Self Detachment s’appuie sur une série de sculptures Mirrors and Masks de 2013 et s’enrichit de la correspondance qu’Olivier Galaverna diplômé en neurosciences a entretenu avec Kader Attia depuis sa résidence à l’hôpital psychiatrique de Rouffach dans le Haut Rhin. D’autres œuvres comme Al Aqsa accumulation de cymbales ou Holy Land installation in situ de miroirs côtoient des archives évoquant les prémisses institutionnelles de l’hystérie ou le panoptique de Foucault. La reprise du texte de Franz Fanon La guerre coloniale et les désordres mentaux conclut cette partie.

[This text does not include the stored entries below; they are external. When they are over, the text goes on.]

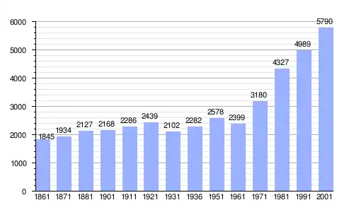 | Gráfica de evolución demográfica de Settala entre 1861 y 2001 |
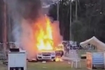 Veículo foi completamente consumido pelas chamas; duas pessoas ficaram feridas
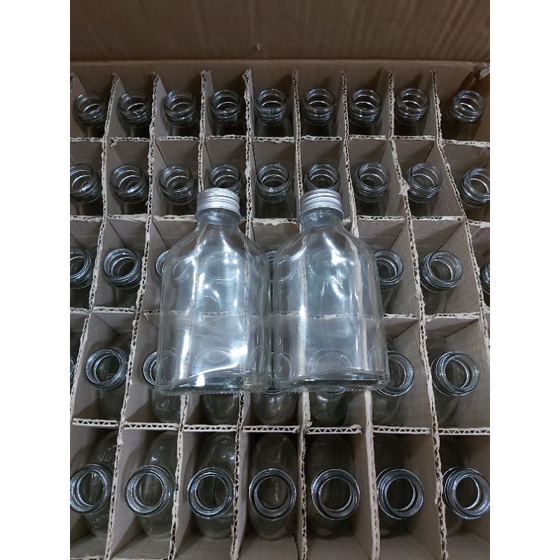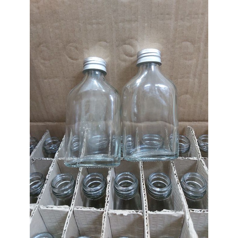 Nhà cửa & Đời sống > Bộ đồ bàn ăn > Bình nước & phụ kiện || chai thủy tinh 100ml thân vuông dẹp cổ cao nắp nhômCòn hàng
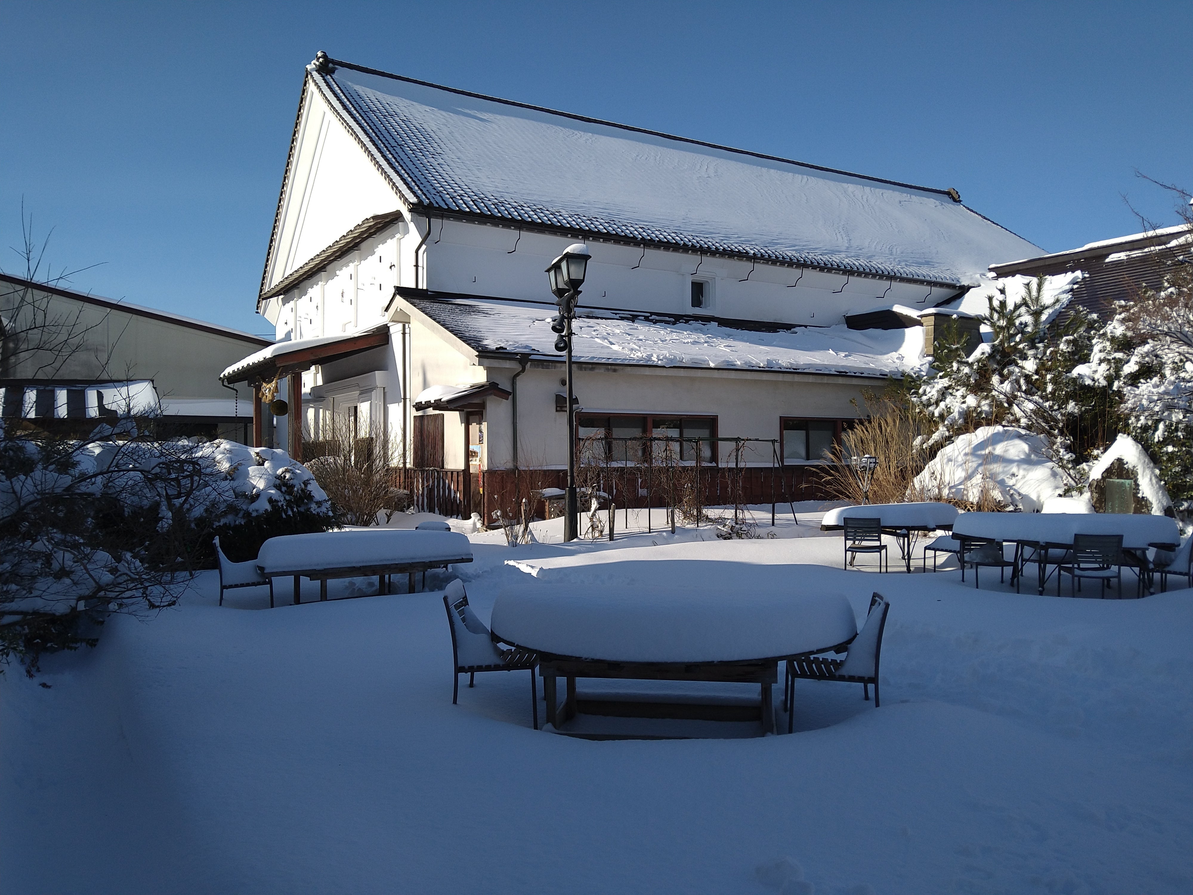 昨晩はかなり雪が降りました。朝になったらいい天気、昼には溶けそうです。

Contre Nature termine ce vaste panorama en évoquant les relations conflictuelles entre l’animal et le prédateur humain. Flying Rats avait troublé un certain nombre de visiteurs de la Biennalde de Lyon en 2005 , des sculptures d’enfants réalisées en graines étaient peu à peu détruites par des pigeons qui s’en nourrissaient. Nicky Clayton enseignante au département Psychologie de Cambridge dialogue avec l’artiste. Measure and Control (2013) regroupe diverses vitrines anciennes recueillant des animaux empaillés, des masques africains et divers instruments de mesure et d’observation scientifique. Un autre champ de réparations s’ouvre dans cette œuvre multiforme.

Entre architecture, histoire et sciences humaines cette œuvre singulière et exigeante croise diverses avancées des recherches artistiques et cognitives qui agitent aujourd’hui notre condition humaine.